=== PROBLEM DESCRIPTION ===
Nothing but the text of the listing, repeated exactly, belongs in the answer; leave the images out.

=== SUPPLIED INFORMATION ===
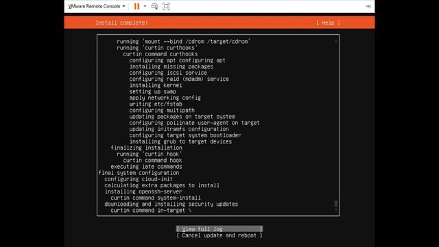 Монтируем ISO образ с Ubuntu Server 20 к виртуальной машине VMware с помощью консоли VMRC и погнали. Полная установка Ubuntu Server 20.04.3 LTS.
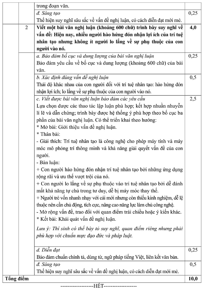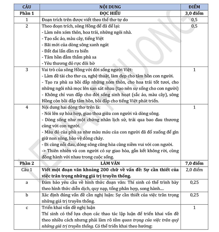 Đáp án đề tham khảo 2025 môn Ngữ Văn
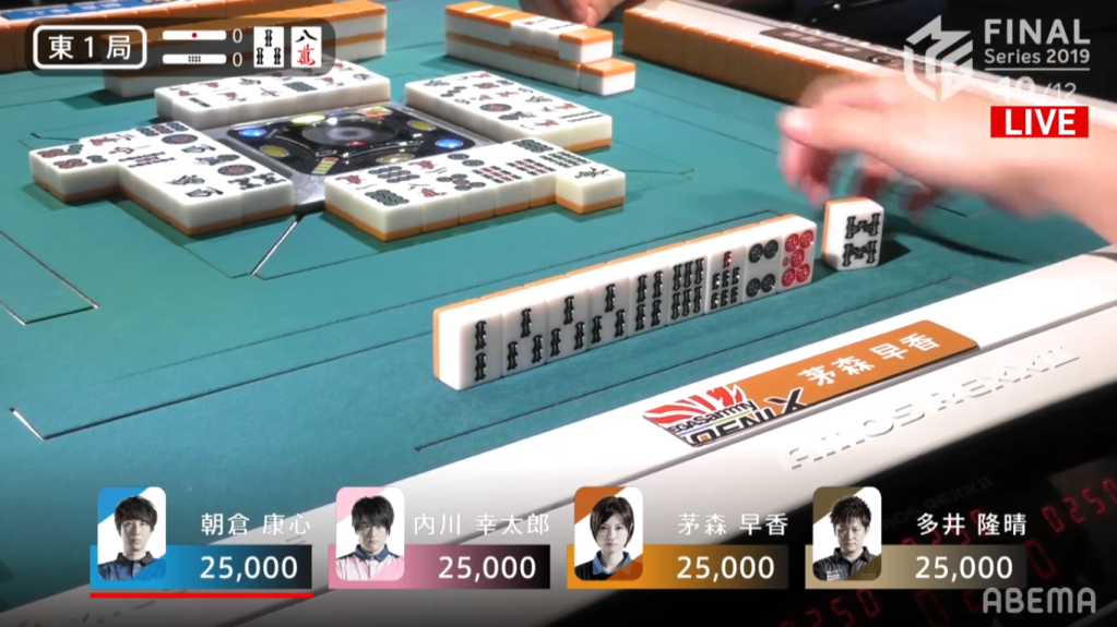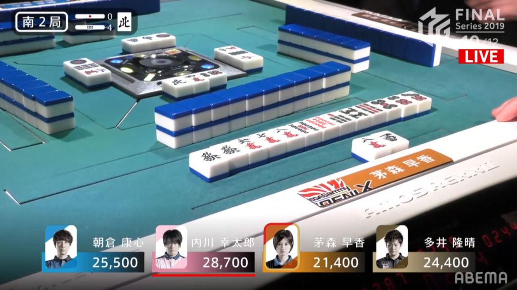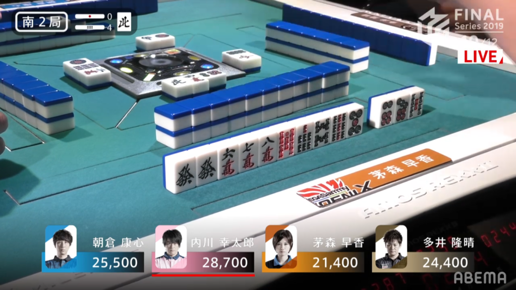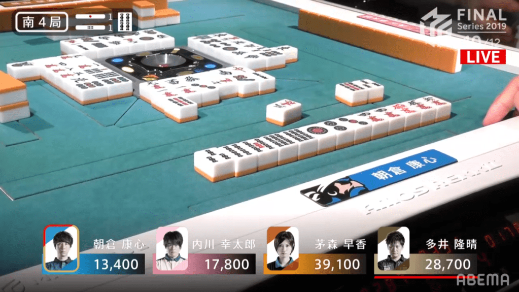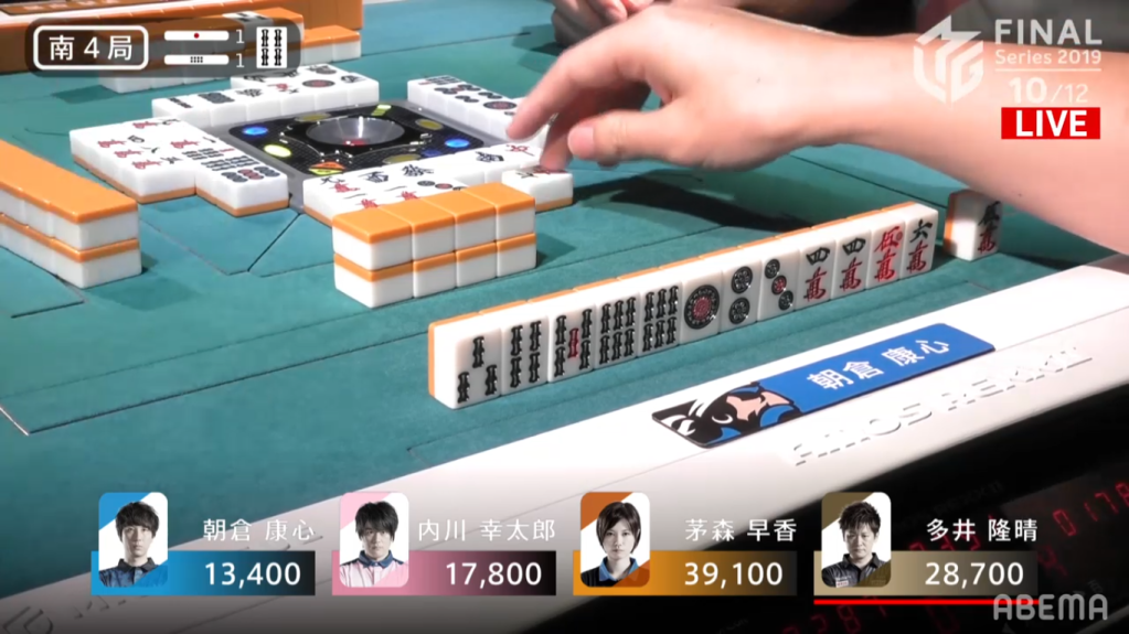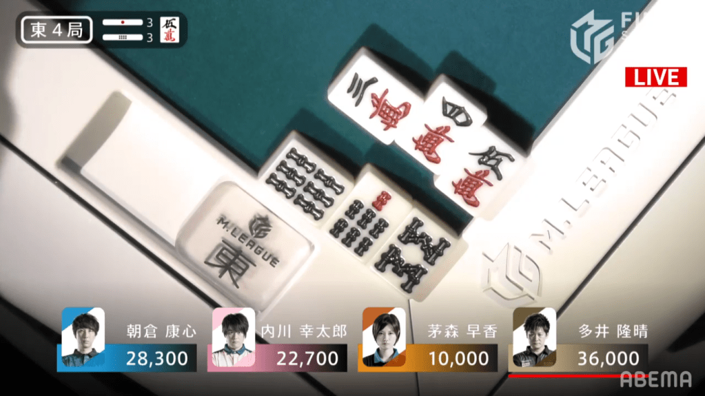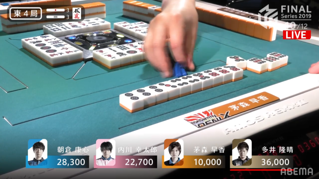 She noticed that Ooi was continuing to push, meaning that if the hand did go to a draw, Ooi would be in tenpai and the game would continue, giving Ooi another chance to win the game. She also knew that dealing into a haneman would lose her 1st place. Asakura only needs a 5200 hand or a mangan to get out of last, and would need a baiman ron or better to get into 2nd. Weighing the facts, Kayamori discarded the 3m, arguably trying to intentionally deal in (also known as sashikomi) to end Ooi’s dealer turn and win the game. The gamble works, with Asakura winning the Riichi/Pinfu/Dora 1/Aka 1 hand for mangan to get out of last and Kayamori maintaining her 1st place to win the game.

=== ANSWER BOX ===
 Монтируем ISO образ с Ubuntu Server 20 к виртуальной машине VMware с помощью консоли VMRC и погнали. Полная установка Ubuntu Server 20.04.3 LTS.
 Đáp án đề tham khảo 2025 môn Ngữ Văn
 She noticed that Ooi was continuing to push, meaning that if the hand did go to a draw, Ooi would be in tenpai and the game would continue, giving Ooi another chance to win the game. She also knew that dealing into a haneman would lose her 1st place. Asakura only needs a 5200 hand or a mangan to get out of last, and would need a baiman ron or better to get into 2nd. Weighing the facts, Kayamori discarded the 3m, arguably trying to intentionally deal in (also known as sashikomi) to end Ooi’s dealer turn and win the game. The gamble works, with Asakura winning the Riichi/Pinfu/Dora 1/Aka 1 hand for mangan to get out of last and Kayamori maintaining her 1st place to win the game.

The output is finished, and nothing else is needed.